Note: Like with Ridge Regression, \(C\) is a constraint which can be thought of as our budget for coefficients

The Result: The LASSO pushes coefficients of unimportant predictors to \(0\)

LASSO or Ridge?

The choice between Ridge Regression and the LASSO depends on your goals

The LASSO is better at variable selection because it sends coefficients on unimportant predictors to exactly \(0\)

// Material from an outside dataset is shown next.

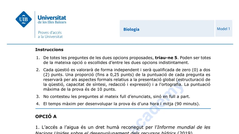 Examen de Biología selectividad Islas Baleares — Ordinaria 2023
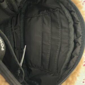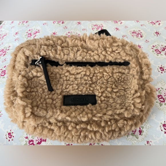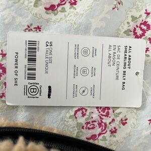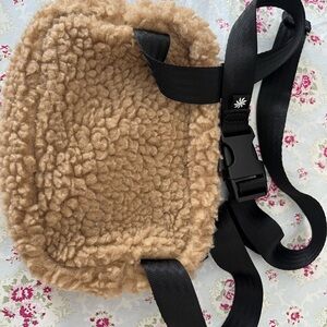 Brand new, with tags. Super cute, super soft shearling-style belt bag in warm camel/tan color. Cozy texture on the outside with a smooth black lined interior and a small mesh pocket inside.

LASSO won’t always out-perform Ridge though, so you might try both and see which is better for your use case

Feature PreProcessing Requirements

If a predictor \(x_i\) is on a larger scale than the response \(y\), then that predictor becomes artificially cheap to include in a model

Similarly, if a predictor \(x_j\) is on a smaller scale than the response, then that predictor becomes artificially expensive to include in a model

We don’t want any of our predictors to be artificially advantaged or disadvantaged, so we must ensure that all of our numerical predictors are on the same scale as one another

Min-Max Scaling: Projects each numerical predictor down to the interval \(\left[0, 1\right]\) via \(\displaystyle{\frac{x - \min\left(x\right)}{\max\left(x\right) - \min\left(x\right)}}\)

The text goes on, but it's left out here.